W nocy ze środy na czwartek odbyły się kolejne mecze 1/32 finału Pucharu USA. Szczególnie zadowoleni z Polaków mogą być Jarosław Niezgoda i Kacper Przybyłko, którym udało się zdobyć po golu. Zdecydowanie mniej powodów do radości ma Dariusz Formella, który dostał czerwoną kartkę.
Puchar po myśli Polaków. Kolejne gole biało-czerwonych
US Open Cup zdecydowanie służy polskim piłkarzom. Najpierw ze znakomitej strony zaprezentowali się w nim Kamil Jóźwiak i Karol Świderski, który wpisali się listę strzelców w meczu z Tormentą FC (4:1). Okazuje się, że to były dopiero pierwsze powody do radości dla polskich kibiców.
W nocy ze środy na czwartek odbyły się kolejne mecze 1/32 finału Pucharu USA. Tym razem pierwsze skrzypce grał w nich m.in. Jarosław Niezgoda. Polak rozpoczął mecz z Orange County SC na ławce rezerwowych, ale po wejściu na boisko zupełnie odmienił obraz całego starcia. Niezgoda najpierw asystował bowiem przy trafieniu Marvina Lorii, a w końcówce spotkania sam trafił do siatki rywali. Dzięki temu drużyna Portland Timbers wygrała swój mecz 3:1.
Dobrze ostatnie pucharowe starcia będzie wspominał również Kacper Przybyłko. Piłkarz Chicago Fire otworzył bowiem wynik spotkania z Chicago House już w 26. minucie meczu. Jego zespół zagrał zresztą bardzo dobre zawody i łącznie strzelił trzy gole, nie tracąc przy tym nawet jednej bramki.

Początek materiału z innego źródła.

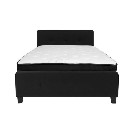 Tribeca Full Size Tufted Upholstered Platform Bed in Black Fabric with Memory Foam Mattress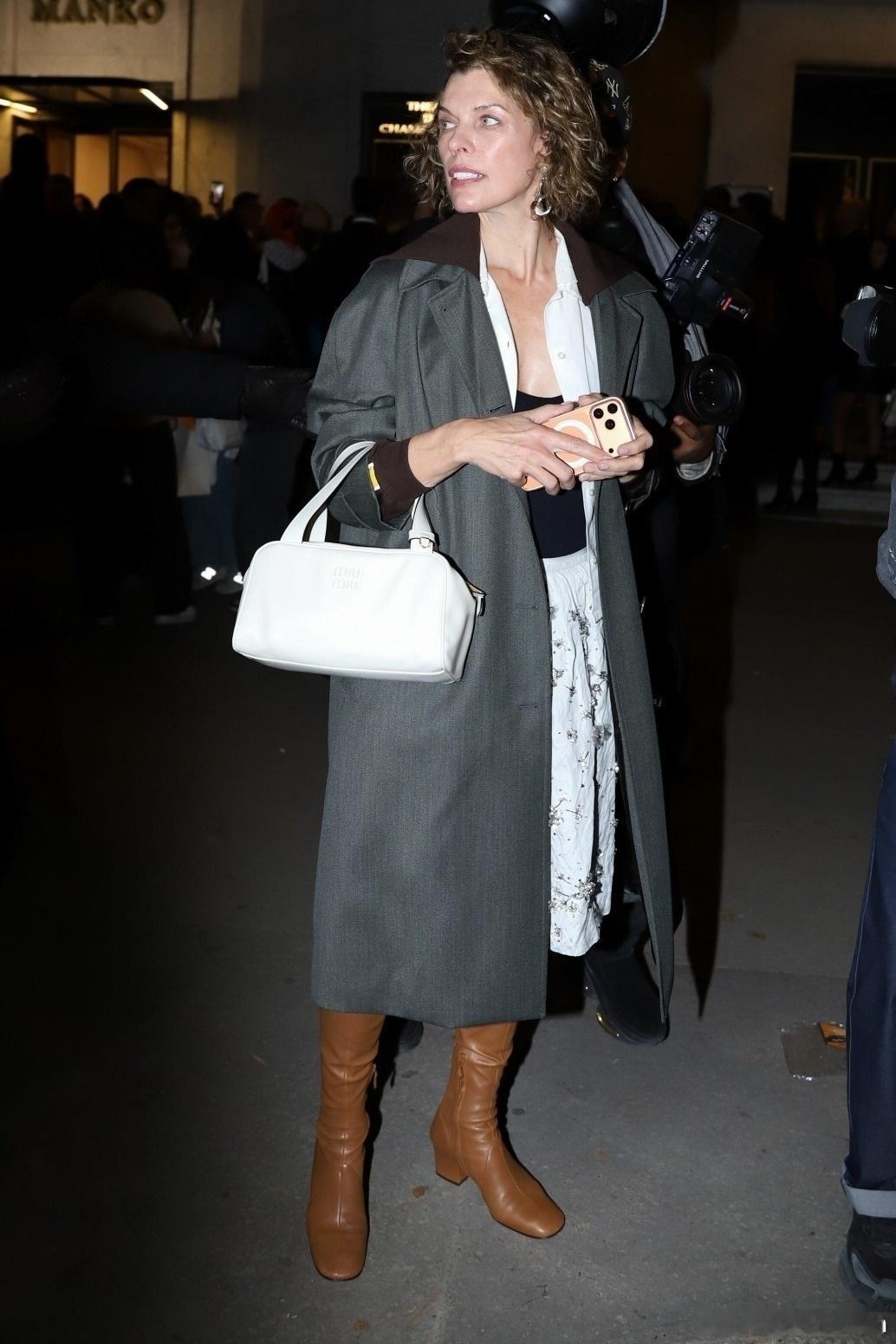 milla jovovich米拉乔沃维奇在巴黎外出前往参加Miu Miu的秀后派对,还是私服顺眼多了

On target 🎯pic.twitter.com/v1ChGQqkul
— Portland Timbers (@TimbersFC) April 27, 2023
Słabiej spisał się natomiast Dariusz Formella. Nie chodzi nawet o to, że jego zespół przegrała z Sacramento Republic 0:1. Piłkarz Oakland Roots pod koniec meczu został bowiem wyrzucony z boiska. Czerwoną kartkę Polak zobaczył w doliczonym czasie gry do drugiej połowy.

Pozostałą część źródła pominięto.